DBT team members from Cygnet Hospital Beckton were proud to be invited to speak on 2nd November 2017 at the National Conference for DBT. They also had the opportunity to showcase their work at the hospital through poster presentations.

Four members of the Beckton DBT team attended the conference, held at the NCVO centre in Kings Cross, to learn more about the current and future direction of DBT. The team members who attended were Dawn Miller (DBT Clinical Specialist/CBT Therapist), Olga Konstantinidou (Highly Specialised Clinical Psychologist & DBT Lead), Viviana Meloni (Chartered Practitioner Psychologist) and Elizabeth Tuudah (Assistant Psychologist).

The morning started with presentations from keynote speakers in the world of DBT promoting their own work and exploring the difficulties that are faced by DBT teams and how these can be overcome.
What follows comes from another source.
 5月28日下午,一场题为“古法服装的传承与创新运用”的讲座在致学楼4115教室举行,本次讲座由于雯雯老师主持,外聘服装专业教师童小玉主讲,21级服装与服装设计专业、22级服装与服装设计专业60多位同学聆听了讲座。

It was very validating to hear similar struggles form other teams and to learn how these can be overcome.

The team were then able to attend a number of parallel presentations, including one by Dawn Miller, Beckton’s DBT Clinical Specialist. Dawn had been selected to provide a presentation on the Beckton Adherent DBT programme ‘Quality Matters: Inpatient Tier 4 Personality Disorder Service – DBT Programme Outcomes’.
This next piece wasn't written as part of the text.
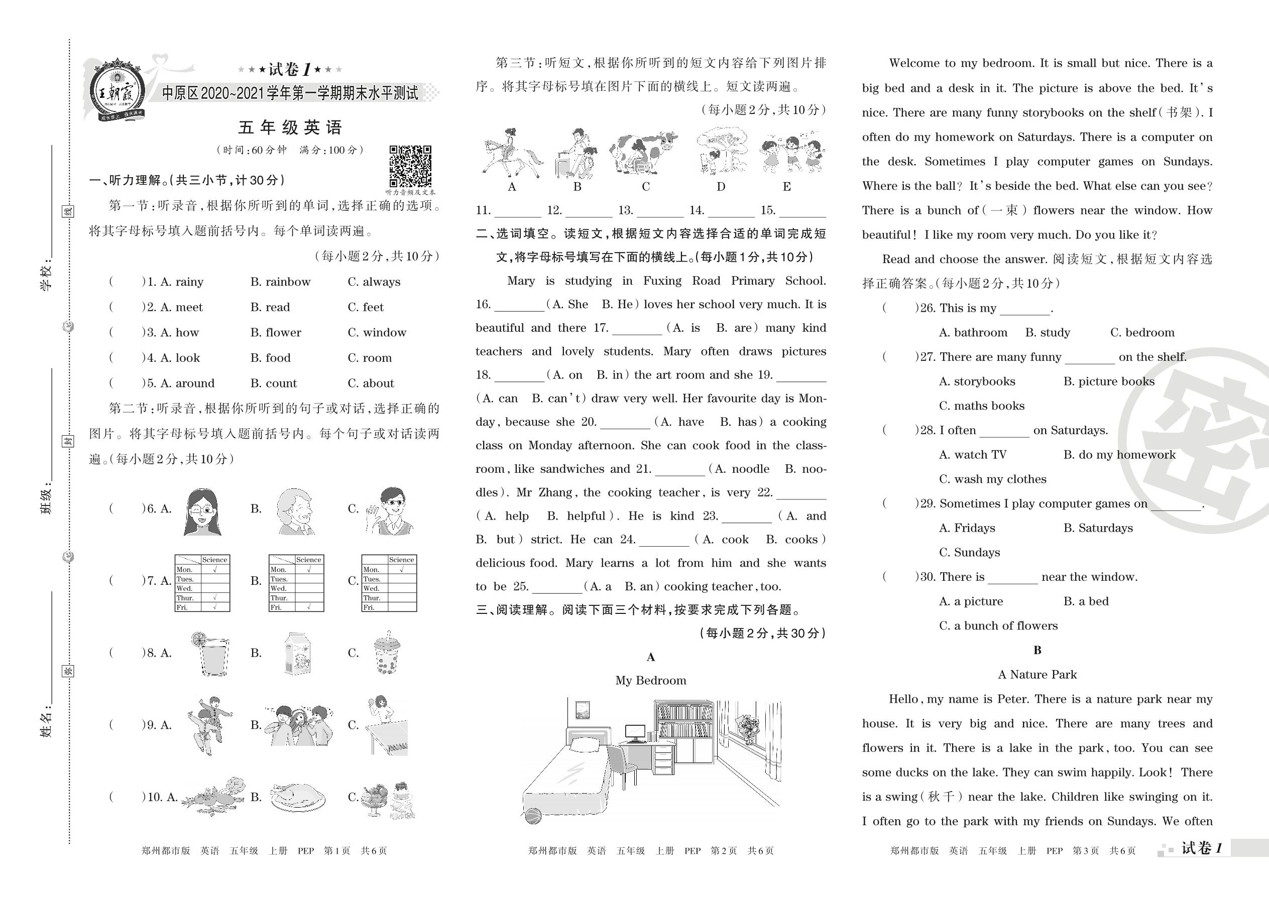 五年级英语人教PEP版(三起始)上册期末卷

This presentation highlighted the positive changes that have been noted on the Patient Rated Outcome Measures (PROMs). It demonstrated a reduction in the experience of anger and its adaptive management and highlighted consistent increases in self-esteem. Additionally, the PROMs showed an increase across the five core facets of mindfulness and decrease in emotion regulation difficulties. Further to this Dawn’s presentation demonstrated an 80% completion rate for service users starting the programme, which is no mean feat on an inpatient service!

In line with this Beckton’s service recorded data highlights a 67% reduction in significant parasuicidal behaviours, 56% of service users on the DBT programme becoming informal and 93% being discharged to a lower level of security. Possibly more importantly qualitative feedback from service users has demonstrated the significant benefits and changes they have derived from the programme.

All of the data taken together; outcome measures, service data and service user feedback highlights that the hard work to develop and maintain the DBT programme at Beckton has been worth it. It shows that it really does help the service users build ‘A Life Worth Living’ – the key target in DBT.

The team, led by Elizabeth Tuudah (Assistant Psychologist) and Olga Konstantinidou (Highly Specialised Clinical Psychologist & DBT Lead) also had an exciting opportunity to present a poster illustrating Beckton’s Adapted DBT programme. This has been developed to increase access to DBT for those with a learning disability. This demonstrated not only the changes made to adapt some of the core DBT skills but also the adaptations in how the information is presented and the considerations that have been given to how the programme is delivered to aid processing, retention and recall of information. There was a real buzz around the poster during the lunch break with people interested to find out what changes the team had made and their experience of this.

The team were very proud to represent Cygnet Hospital Beckton and to network with others delivering DBT in order to share information and knowledge. The team left feeling very excited about the information they could bring back to the rest of the team and enthusiastic to further develop the DBT programme at Cygnet Hospital Beckton.